Volume 34, No. 5
Celebrating Women in Ministry Every Day
At Royal Lane Baptist Church, we don’t simply want to acknowledge that women are equipped, gifted, and called to lead in all ministry positions during one Sunday of one month. We want to affirm that women can be ordained leaders in the church each and every day of every week. To that end, the ministry staff of Royal Lane invited four women to be our guest preachers for the month of February. Our Martha Stearns Marshall Women in Ministry Day of Preaching became a month of preaching as the ministerial staff hoped to bring attention to not only the prominence of women in ministry, but to the number of women who continuously help lead congregations across Dallas.

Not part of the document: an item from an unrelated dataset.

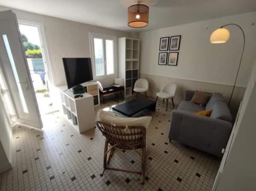 Joli 2 pièces avec sa terrasse sur grand jardin sans vis à vis, plage au bout de l’avenue Chambre avec lit double, wc, salle d’eau et pièce de vie (canapé-lit) coin cuisine (air fryer, micro onde, tassimo, frigo, plaque de cuisson) télévision/wifi. parking fermée (portail électrique) Supérette à 100m ou Super U à 900m. vélos à dispositions 10€/séj pour vous balader en bord de plage. Draps et serviettes de bain inclus. Pour les fumeurs, c est en terrasse svp :-) merci.
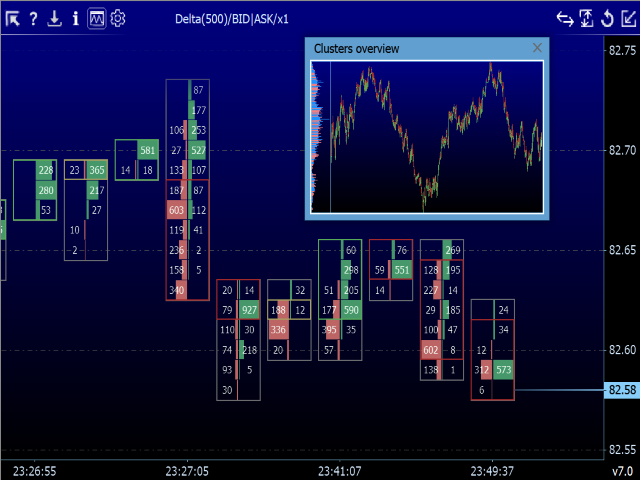 - "BID x ASK" - display the ASK and BID volumes separately, the ASK volume is drawn to the right, while the BID volume is drawn to the left of the cluster center.

Royal Lane’s Women in Ministry month began with Rev. Victoria Robb Powers, Senior Associate Pastor at University Park UMC preaching about the wild and unrestricted blessings that God gives all people through Jesus. Then, Rev. Robin Murray, the Assistant Minister of Children’s Ministry of Abundant Life AME preached boldly about how God orchestrates miraculous things through powerful women. Rev. Kristin Warthen, Pastor for Marriage and Family Ministries at White’s Chapel UMC, told the story about the woman of Endor, the medium, who did what most men wouldn’t do – she fed her enemy. And finally, Rev. Lisa Hancock, PhD candidate in Religious Studies at SMU, preached her own powerful story of being married to a person with cerebral palsy. She told of how Jesus’ power dramatically flowed out of him in a way that made him the disabled Christ.

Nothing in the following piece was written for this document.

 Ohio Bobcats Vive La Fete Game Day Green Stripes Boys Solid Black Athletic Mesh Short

When preparing to bring our four fabulous guest preachers to Royal Lane, we noticed that all of the suggested proclaimers serve in Methodist congregations. Each of them noted that they had Baptist roots and heritage, but were unable to find ministry positions or places of inclusion in Baptist churches. Although Royal Lane participates in Martha Stearns Marshall Day of Preaching in February every year at the prompting of the Baptist Women in Ministry organization, all four of our preachers do not serve in Baptist congregations. And that has to change. Baptist churches should continue to create ministry positions for women and hire women as pastors. We need more than one Sunday a year to hear from ministry leaders who are women as the story of women in ministry must be preached, taught, and celebrated all the time. Until that day comes, Baptist women will find it difficult to find or remain in ministry roles in their chosen denomination.
Rev. Warthen shared an African proverb that rang true for Royal Lane during Women in Ministry month. The proverb says, “Until the story is told by the lion, the story will always glorify the hunter.” It seems that the narrative of men being the primary ordained leaders doesn’t support the powerful story of women and their prominence in the church. It is my hope that by having four women share their journeys of ministry and leadership at Royal Lane, we have not only celebrated women in ministry, but have told the story of the divine and glorified God.
Royal Lane Baptist Church affirms that all people, men and women of all ethnicities, identities, and orientations, have been created and called to serve God and lead God’s people. Women in Ministry Month has reaffirmed for Royal Lane Baptist Church and, I hope, for the city of Dallas that we are all helpers and servants of God and mightily equipped to lead the Church into a new and powerful story, a story which affirms that every month is Women in Ministry month.